- **DATA UNDER STUDY**:
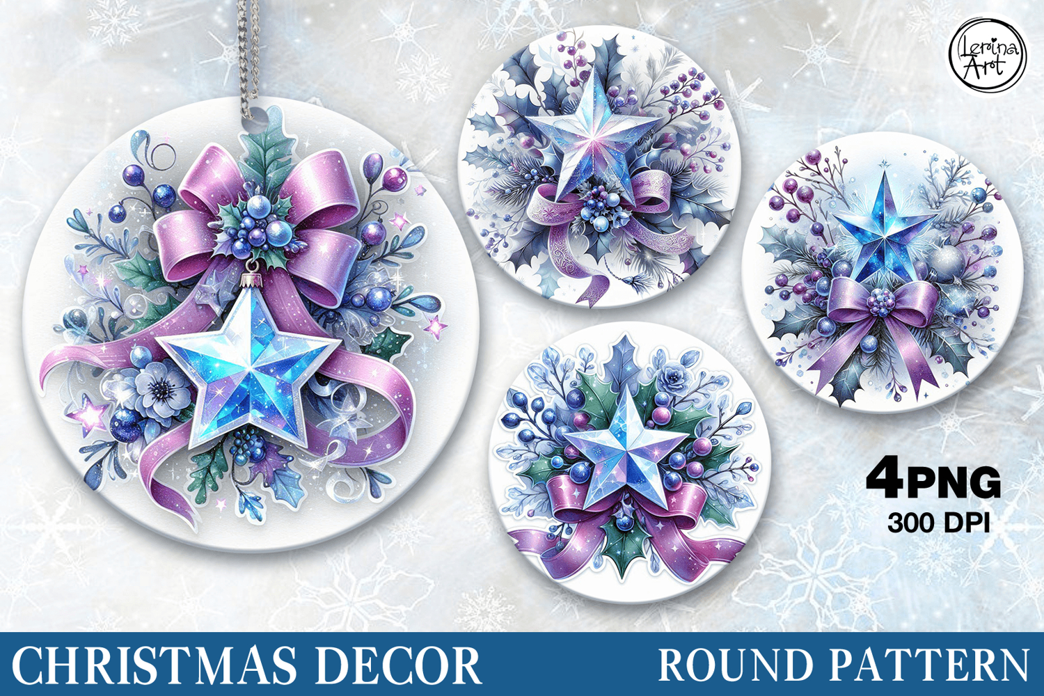 Chriastmas Star. Cristmas Decor Sublimation, 4 PNG
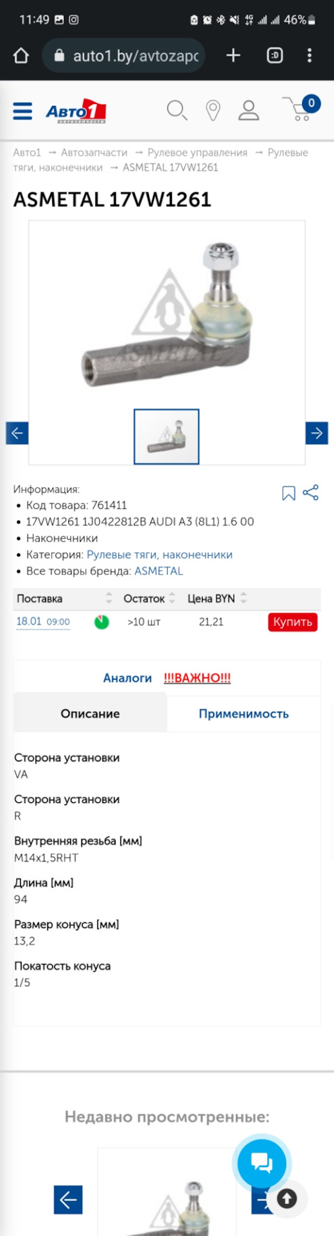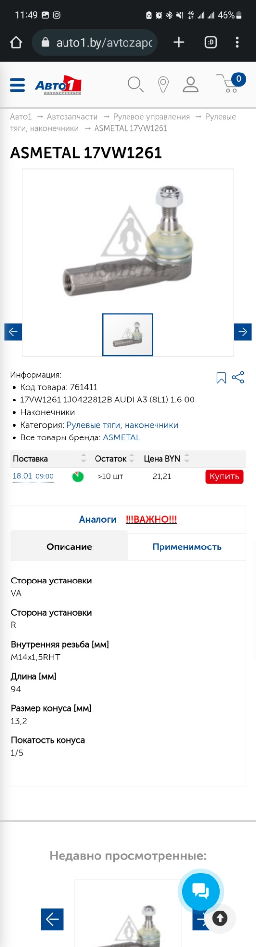 - Наконечник рулевой тяги
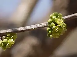 The inflorescence of chilla are arranged in a axillary glomerulus.[6] They are bisexual flowers, with both male and female reproductive parts. The flowers are a white with a slight green tint. There are no petals present, however there are 5 sepals that are approximately 3 mm long. There are 8 stamen in a row which are about 2 mm long. The flower has a superior ovary that has 3 carpals present, and a short style.[6] The plant most commonly flowers between February and August.[7] Pollination can occur via insects, self, or cross pollination.[6]
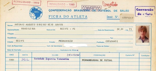 No início de setembro, a Confederação Brasileira de Futsal (CBFS) divulgou os documentos de inscrição nas federações estaduais de alguns jogadores, que se tornaram grandes craques do futebol brasileiro e mundial. Entre eles, Ronaldo Fenômeno, Neymar e Adriano. Agora, o baú do futsal se abriu novamente e outras fichas foram reveladas, mostrando que a quadra serviu e ainda serve como base para o começo de grandes carreiras. Você pode conferir o registro de Ronaldinho Gaúcho, Paulo Henrique Ganso, Robinho, Kaká, Juninho Pernambucano e outras feras.
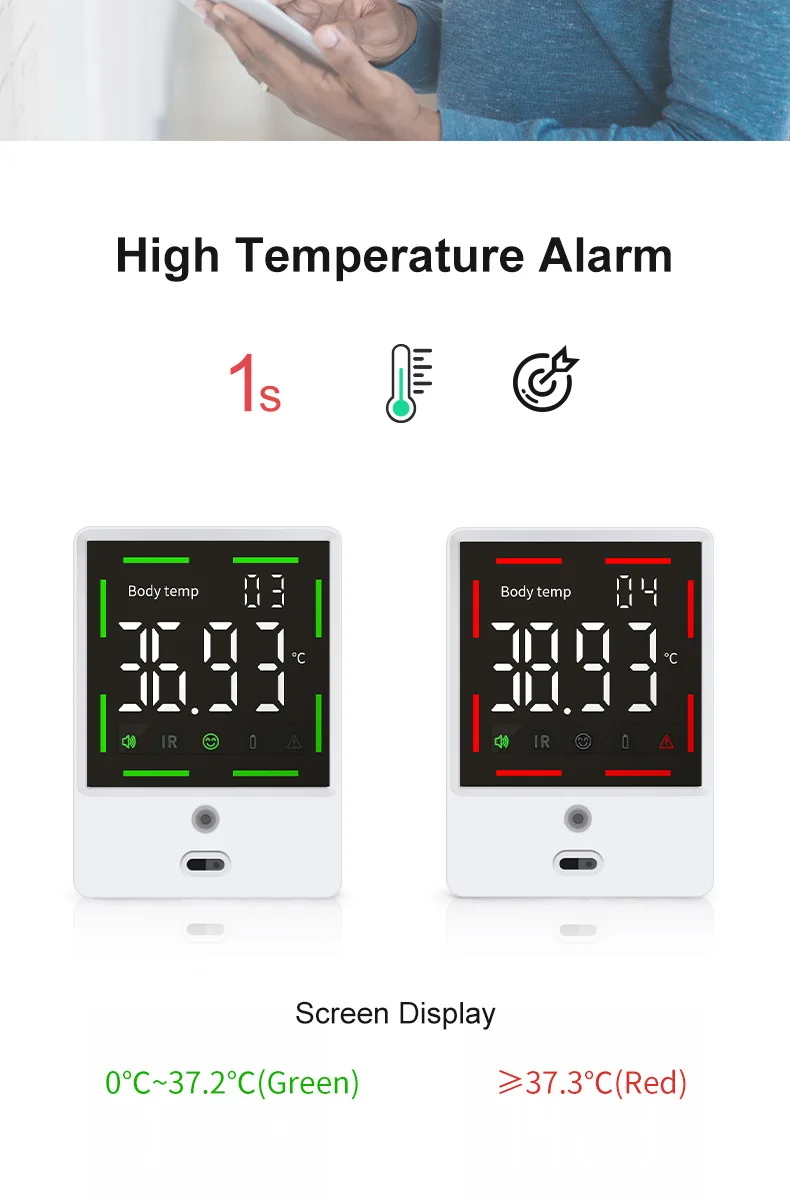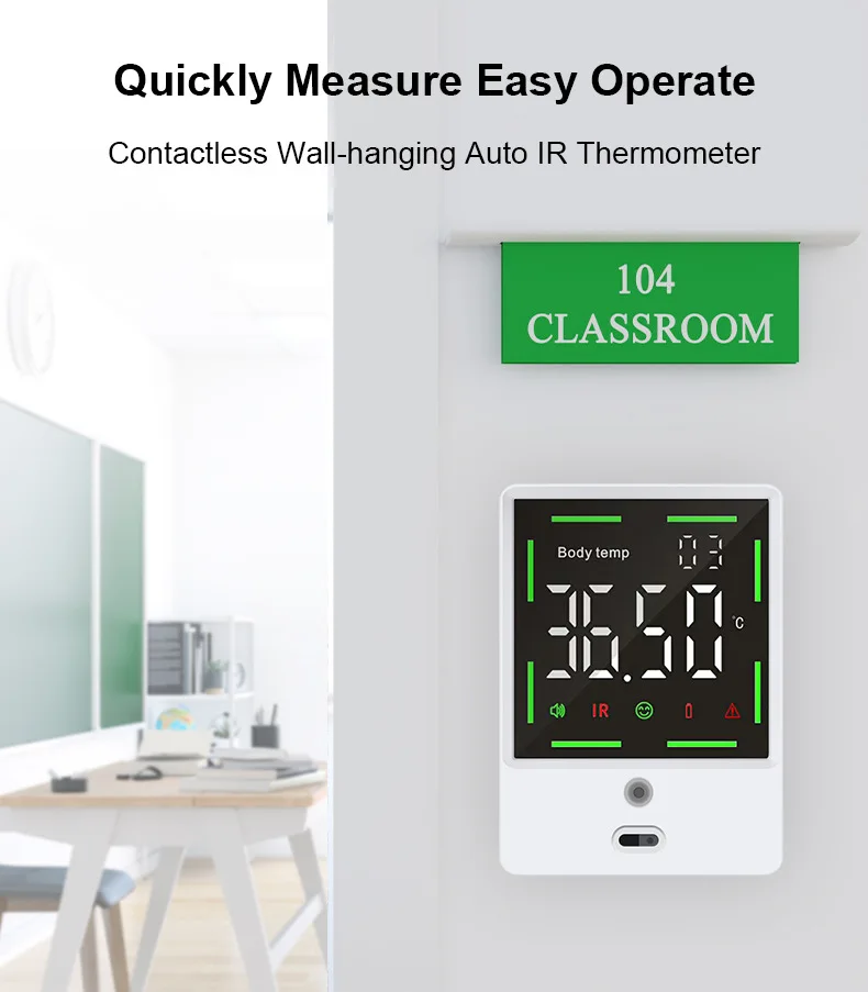 Описание: настенный Бесконтактный инфракрасный термометр может измерять температуру в пределах 2-4 дюймов от лба, что делает его более безопасным и безопасным. Когда температура превышает нормальное значение температуры, Бесконтактный цифровой термометр будет отображать красный светильник и издавать звук, который даст вам знать, есть ли температура, И эта температура может показывать показания по Цельсию или Фаренгейту. Диапазон инфракрасного измерения: 0 ℃ ~ 50 ℃Особенность:Бесконтактный термометр: Бесконтактный инфракрасный термометр может измерять температуру в пределах 2-4 дюймов от лба, что делает его более безопасным и безопасным.Оповещение об аномальной температуре: если температура превышает нормальное значение температуры, Бесконтактный цифровой термометр будет отображать красный светильник издавать звук, который сообщит вам, есть ли температура, В противном случае он будет показывать только зеленый светильник и температуруСчитывание °C и °F: точное измерение температуры. Этот ЛОБНЫЙ термометр может показывать показания по Цельсию или Фаренгейту. Диапазон инфракрасного измерения: 0 ℃ ~ 50 ℃2 режима измерения: Длительное нажатие на отверстие переключателя режима в течение 3 секунд для переключения в режим измерения температуры, режим поверхности, режим объекта. Подходит для семьи, офиса, гостиницы, библиотеки, предприятия и учреждения, школыПростая установка: Этот инфракрасный термометр очень легко устанавливается на стену с помощью гвоздей, крючков, двусторонней липкой ленты или скобокСпецификация:Экран: ЖК-цифровой дисплейВремя отклика: 5sТочность тестирования: ± 0,2 градусовСпособ зарядки: зарядка через USB или портативные зарядные устройстваДиапазон инфракрасного измерения: 0 ~ 50 ℃Автоматическая сигнализация: мигает красный светильник + звук «Di».Автоматическое измерение: расстояние измерения 5-10 см
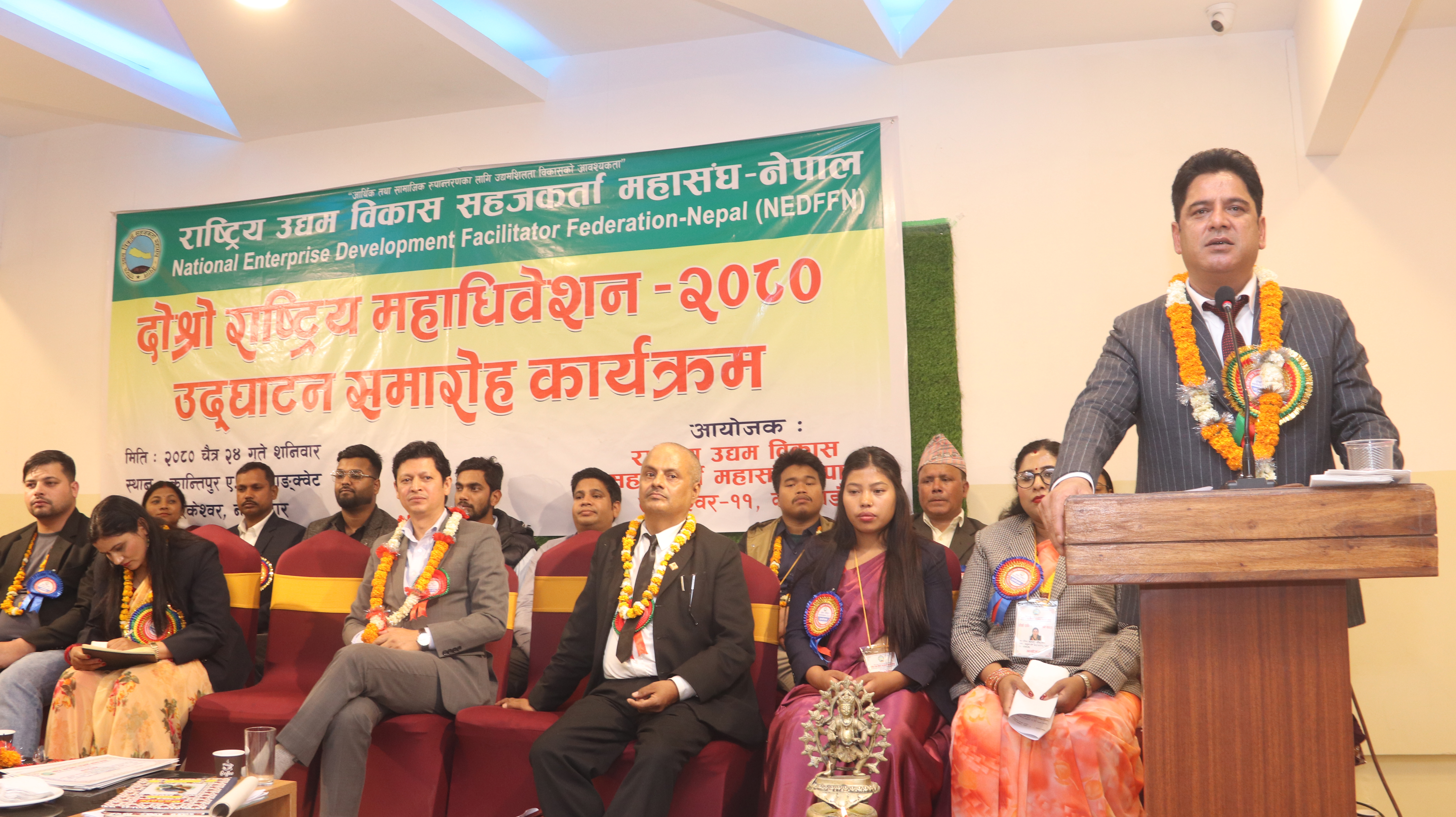 राष्ट्रिय उद्यम विकास सहजकर्ता महासङ्घ नेपालको काठमाडौंमा आयोजित दोस्रो राष्ट्रिय महाधिवेशनको उद्घाटन कार्यक्रममा आज उनले स्वदेशी वस्तुमा आधारित उत्पादनलाई सरकारले प्राथमिकता दिएको उल्लेख गर्दै नेपाली उत्पादन उपभोग गर्नुपर्नेमा जोड दिए । उनले स्वदेशी वस्तु उत्पादनमा सरकाले सहुलियत प्रदान गर्ने पनि बताए ।

- **BRIEF**: Return the data verbatim, leaving out the pictures it holds.

- **OUTPUT OF THE TASK**:
 Chriastmas Star. Cristmas Decor Sublimation, 4 PNG
 - Наконечник рулевой тяги
 The inflorescence of chilla are arranged in a axillary glomerulus.[6] They are bisexual flowers, with both male and female reproductive parts. The flowers are a white with a slight green tint. There are no petals present, however there are 5 sepals that are approximately 3 mm long. There are 8 stamen in a row which are about 2 mm long. The flower has a superior ovary that has 3 carpals present, and a short style.[6] The plant most commonly flowers between February and August.[7] Pollination can occur via insects, self, or cross pollination.[6]
 No início de setembro, a Confederação Brasileira de Futsal (CBFS) divulgou os documentos de inscrição nas federações estaduais de alguns jogadores, que se tornaram grandes craques do futebol brasileiro e mundial. Entre eles, Ronaldo Fenômeno, Neymar e Adriano. Agora, o baú do futsal se abriu novamente e outras fichas foram reveladas, mostrando que a quadra serviu e ainda serve como base para o começo de grandes carreiras. Você pode conferir o registro de Ronaldinho Gaúcho, Paulo Henrique Ganso, Robinho, Kaká, Juninho Pernambucano e outras feras.
 Описание: настенный Бесконтактный инфракрасный термометр может измерять температуру в пределах 2-4 дюймов от лба, что делает его более безопасным и безопасным. Когда температура превышает нормальное значение температуры, Бесконтактный цифровой термометр будет отображать красный светильник и издавать звук, который даст вам знать, есть ли температура, И эта температура может показывать показания по Цельсию или Фаренгейту. Диапазон инфракрасного измерения: 0 ℃ ~ 50 ℃Особенность:Бесконтактный термометр: Бесконтактный инфракрасный термометр может измерять температуру в пределах 2-4 дюймов от лба, что делает его более безопасным и безопасным.Оповещение об аномальной температуре: если температура превышает нормальное значение температуры, Бесконтактный цифровой термометр будет отображать красный светильник издавать звук, который сообщит вам, есть ли температура, В противном случае он будет показывать только зеленый светильник и температуруСчитывание °C и °F: точное измерение температуры. Этот ЛОБНЫЙ термометр может показывать показания по Цельсию или Фаренгейту. Диапазон инфракрасного измерения: 0 ℃ ~ 50 ℃2 режима измерения: Длительное нажатие на отверстие переключателя режима в течение 3 секунд для переключения в режим измерения температуры, режим поверхности, режим объекта. Подходит для семьи, офиса, гостиницы, библиотеки, предприятия и учреждения, школыПростая установка: Этот инфракрасный термометр очень легко устанавливается на стену с помощью гвоздей, крючков, двусторонней липкой ленты или скобокСпецификация:Экран: ЖК-цифровой дисплейВремя отклика: 5sТочность тестирования: ± 0,2 градусовСпособ зарядки: зарядка через USB или портативные зарядные устройстваДиапазон инфракрасного измерения: 0 ~ 50 ℃Автоматическая сигнализация: мигает красный светильник + звук «Di».Автоматическое измерение: расстояние измерения 5-10 см
 राष्ट्रिय उद्यम विकास सहजकर्ता महासङ्घ नेपालको काठमाडौंमा आयोजित दोस्रो राष्ट्रिय महाधिवेशनको उद्घाटन कार्यक्रममा आज उनले स्वदेशी वस्तुमा आधारित उत्पादनलाई सरकारले प्राथमिकता दिएको उल्लेख गर्दै नेपाली उत्पादन उपभोग गर्नुपर्नेमा जोड दिए । उनले स्वदेशी वस्तु उत्पादनमा सरकाले सहुलियत प्रदान गर्ने पनि बताए ।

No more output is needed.